The founder of the nascent National Justice Impact Bar Association says it will assist qualified “justice-impacted” people—those with criminal records—who want to become lawyers but face obstacles to obtaining a law license.
A decade ago, as a teenager, Dieter Tejada got into trouble with the law and spent several months behind bars after pleading guilty on an assault charge.
For Tejada, the experience sparked an interest in the legal profession and in improving the legal system.
“I started to see that there were a lot of people who got screwed over a lot worse than I did,” Tejada told Law360 last year. “So I decided I was going to go to law school.” After leaving prison, he earned a bachelor’s degree from the University of Connecticut and a law degree from Vanderbilt University.
But Tejada, now 29, still can’t practice law, despite passing the Connecticut bar exam. Bar examining committees in many states, Connecticut among them, include a “character and fitness assessment” that often disqualifies people with criminal records from obtaining a law license.

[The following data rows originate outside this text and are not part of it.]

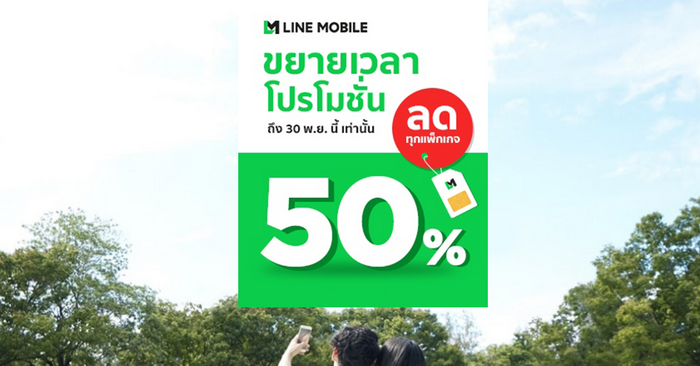 Line Mobile ขยายเวลาลด 50% ทุกแพ็กเกจ นาน 12 รอบบิล จนถึง 30 พ.ย. นี้!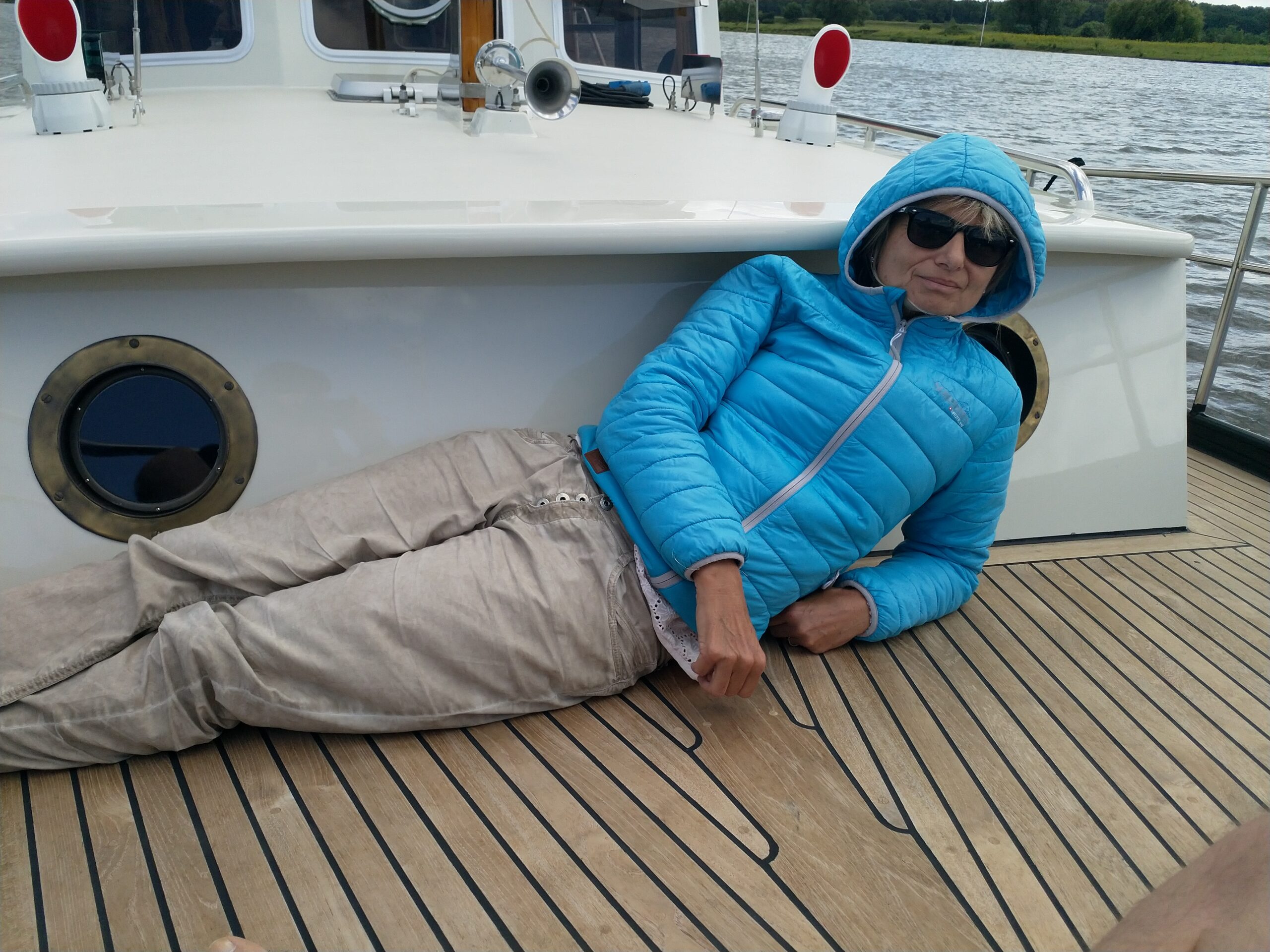 Auf der Rückfahrt war das Wetter etwas kühl, der Himmel bedeckt. Wie man die Reise auf dem warmen Deck trotzdem geniessen kann, zeigt Brigitte.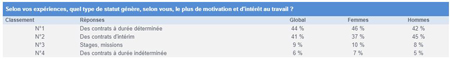 Pour les Français, les contrats courts sont plus motivants : CDD à 44 % et intérim à 41 %.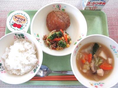 大津ケ丘中学校の2年生が考えた献立です。栄養バランスを大切にして,いろいろな食品を取り入れ,彩りについても考えました。ハンバーグを好きな人が多いので,魚を使った和風のハンバーグにしました。毎日の給食の献立も,栄養バランスだけではなくいろいろなことに気をつけて考えています。美味しく食べてもらえたら嬉しいです。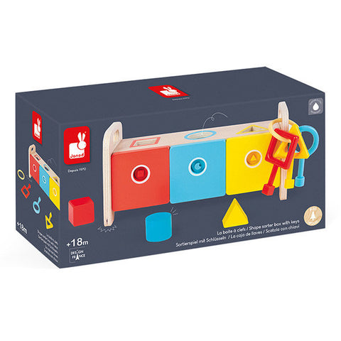 C'est bien connu, les bébés adorent les trousseaux de clefs. Cette boite à clefs est le parfait compromis pour développer logique et motricité fine par le jeu ! Dès 18 mois, votre enfant va pouvoir s'amuser à insérer les différentes formes aux bons endroits, puis choisir la bonne clef pour ouvrir la serrure et récupérer les pièces. Idéal pour l'apprentissage des formes et des couleurs, ce jouet d'éveil permet à bébé de développer son sens logique. Facile à manipuler, cette boite à clefs contient 6 blocs (1 triangle jaune, 2 ronds bleus et 3 carrés rouges), et 3 clefs en plastique qui peuvent s'attacher à la boite sous forme de trousseau pour ne jamais les perdre ! Bien pensée, un côté de la boite est transparent et permet à bébé de voir les pièces tomber. Cette face indique aussi le type et le nombre de formes à placer. Ce jouet d'éveil en bois aux couleurs agréables est peint à l'eau et fait partie de notre collection Essentiel.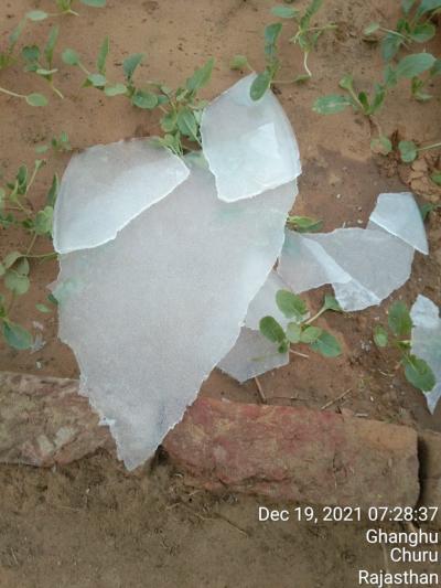 राजस्थानच्या चारू, रेवरी, अदमपूर आणि हनुमानगड येथील वातावरणात प्रचंड प्रमाणात गारवा असून शेतातील दवबिंदूंचा बर्फ झाल्याचे दिसून येत आहे.

To lower that hurdle, Tejada is planning to launch the National Justice Impact Bar Association (NJIBA)—a voluntary group for “justice-impacted” people who want to practice law—and a second nonprofit called the National Justice Impact Movement, which will share stories of people whose lives have been negatively affected by the justice system.

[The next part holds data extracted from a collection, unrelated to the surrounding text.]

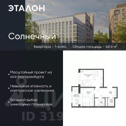 Продается квартира 266, по адресу ЖК "Солнечный", корпус Солнечный, корпус 6.2 в Солнечный на 5 этаже, с площадью 48.6 м2.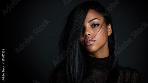 Fototapeta premium Close-up of a woman with long dark hair posing against a dark background in a studio setting during a photoshoot session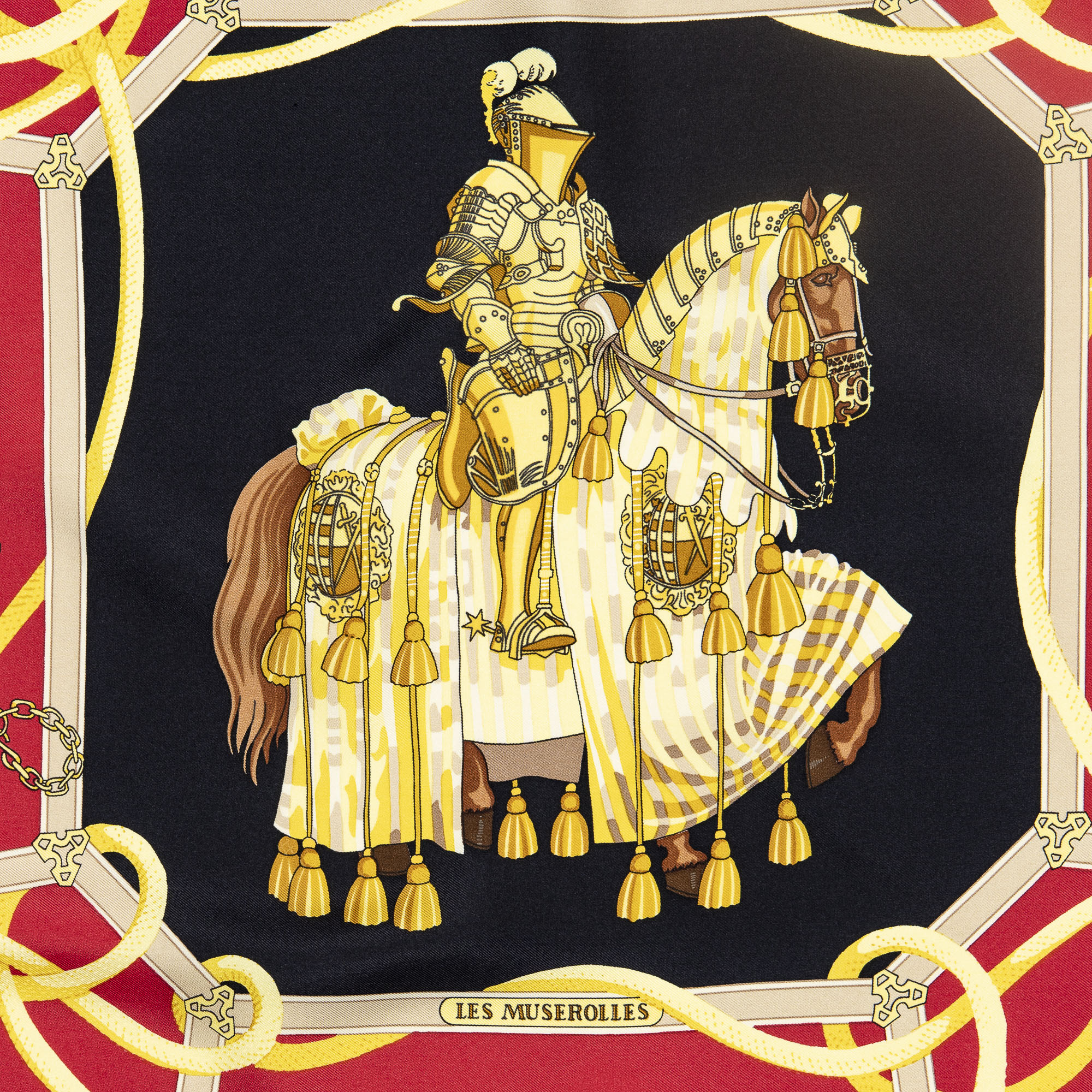 Hermès Scarf Scarf in Red/Black/Gold 100% Twill Silk and None hardware. The product is in Perfect Condition (AA).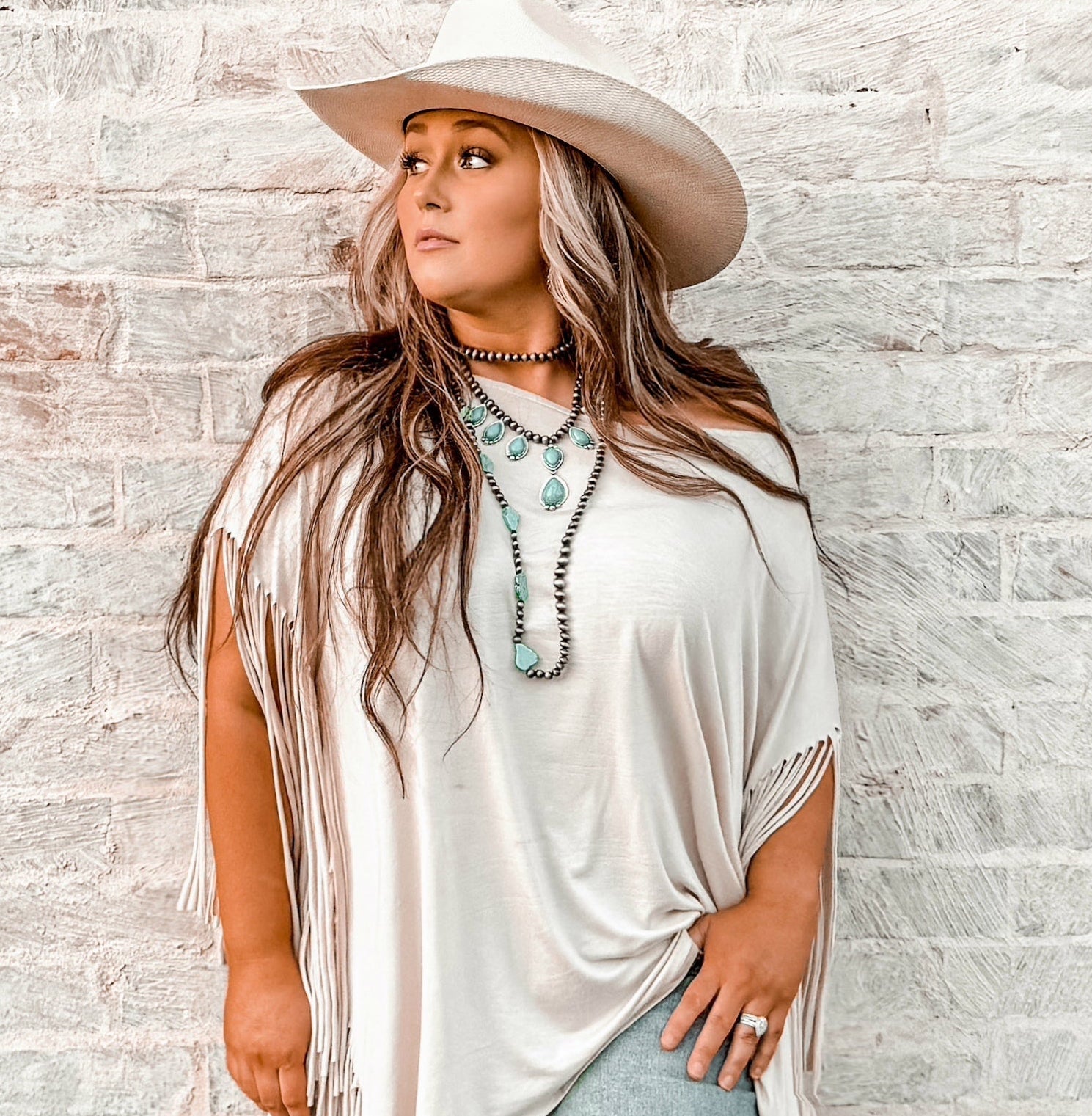 This 48-inch Long Faux Turquoise Nugget and Sterling Pearl Necklace captures the spirit of the West with its striking combination of vibrant turquoise nuggets and lustrous faux sterling pearls. Designed for those who appreciate Western style, this necklace adds a bold yet elegant touch to any outfit.

“This is going to be the first legal access point into the field for people with the background and experience of dealing with the justice system,” Tejada told the CT Mirror.
Legal experts have expressed interest in the cause, which they say would help diversify the legal profession. Christine Perra Rapillo, Connecticut’s chief public defender, told the outlet that lawyers with experience in the criminal justice system would help in criminal cases.

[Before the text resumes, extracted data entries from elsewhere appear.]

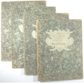 "4 Stimmhefte 31x23 cm, 20, 19, 15, 15 Seiten, gestochen, 4 (wiederholte) gestochene Zier-Titel in Rankenwerk, Violine 1 mit 2 Leerseiten. Violine 2 mit 1 Leerseite nach dem Titel. jeweils in Kartonumschlag (Marmorpapierbezug, mit handgeschriebenem Titeletikett ) geheftet. Die Umschläge leicht angeschmutzt und berieben. Namenszug jeweils auf der ersten Notenseite. Saubere Abzüge ohne Eintragungen."
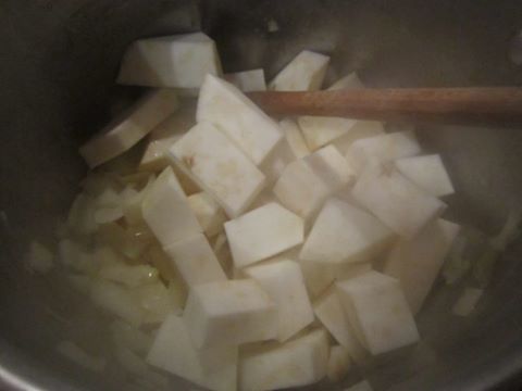 Közben megpucoljuk és kockákra vágjuk a zellert és a burgonyát, rádobjuk ezeket a hagymára és további egy percig pirítjuk.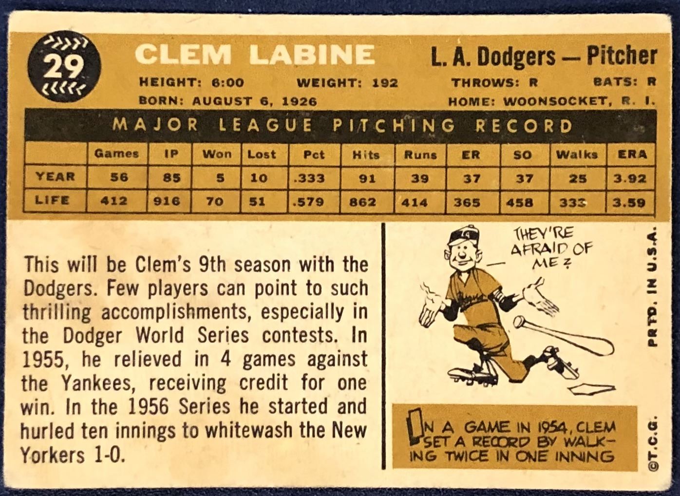 Lot 1256 1960 TOPPS BASEBALL WHITE BACKS - CLEM LABINE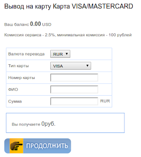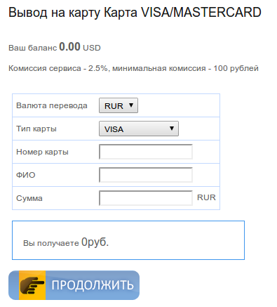 Заполняем 16значный номер карты, ФИО владельца карты (на русском) и сумма вывода (значение без копеек), выбираем тип валюты RUR или USD. тип вашей карты и жмем продолжить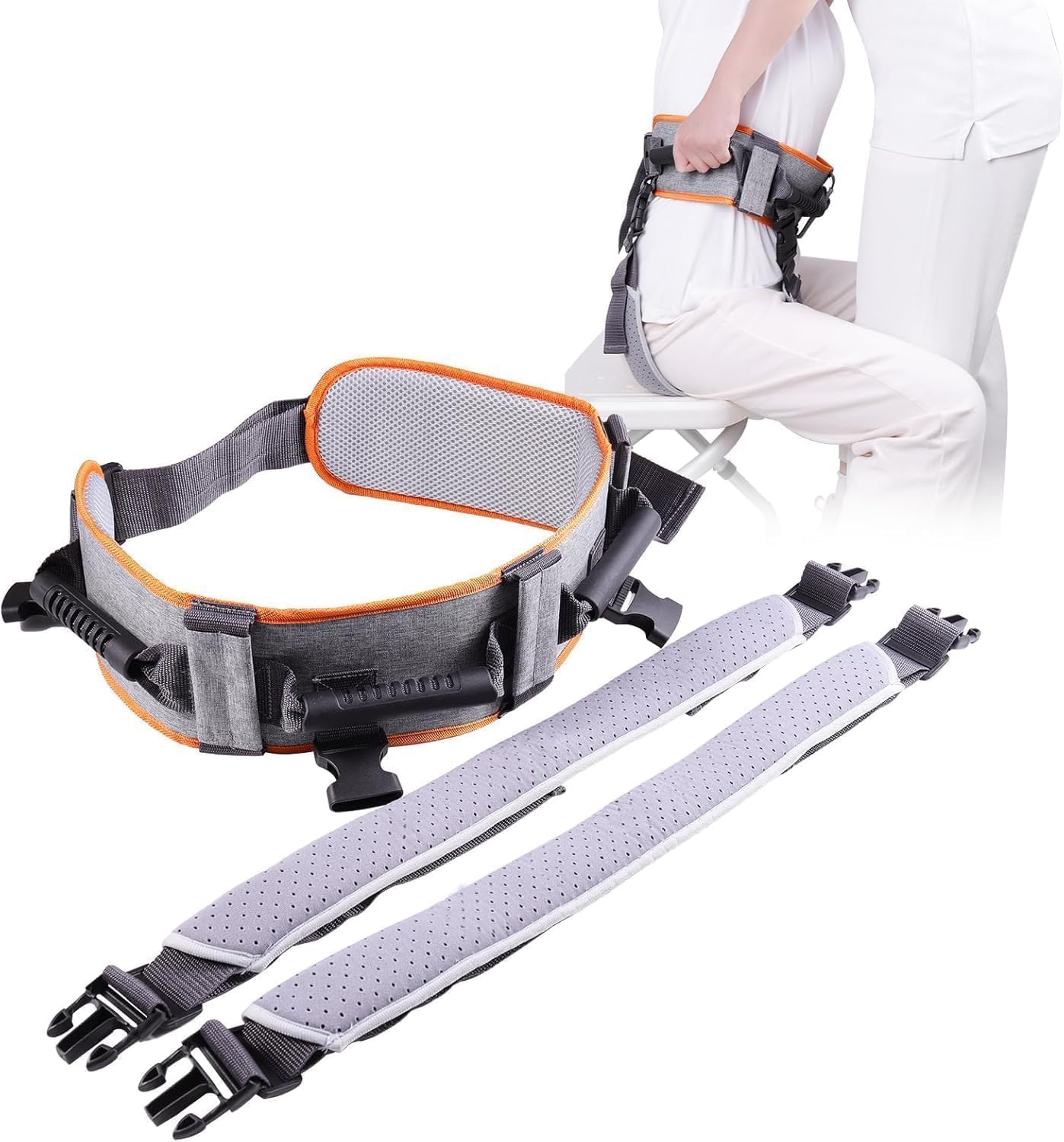 Details: Patient Transfer Belt - Paralyzed Persons Body Lifting Aids - Nylon Leg Loops - Orange-Gray Multifunctional Care Belt For Elderly People With Walking Disabilities - Walking Safety Assistance Device.

Debbie Mukamal, executive director of the Stanford Criminal Justice Center at Stanford Law School, agreed that an insider perspective on the criminal justice system would be valuable to the profession.
“I think this is a time when we are recognizing the effects of mass incarceration and recognizing the unique role that formerly incarcerated people can and should be playing in addressing reforms in the criminal justice system,” Mukamal told Law360. “So as we’re seeing that these people should be at the table and should be part of creating solutions to fix some of these issues, these questions are coming to the fore.”
In comments to CT Mirror, University of Connecticut law professor Miguel de Figueiredo noted that people like Tejada have shown a high level of tenacity. “Oftentimes the people who do get through all those hoops are going to be pretty strong lawyers,” he said.
Tejada told the outlet that he is working on getting NJIBA incorporated.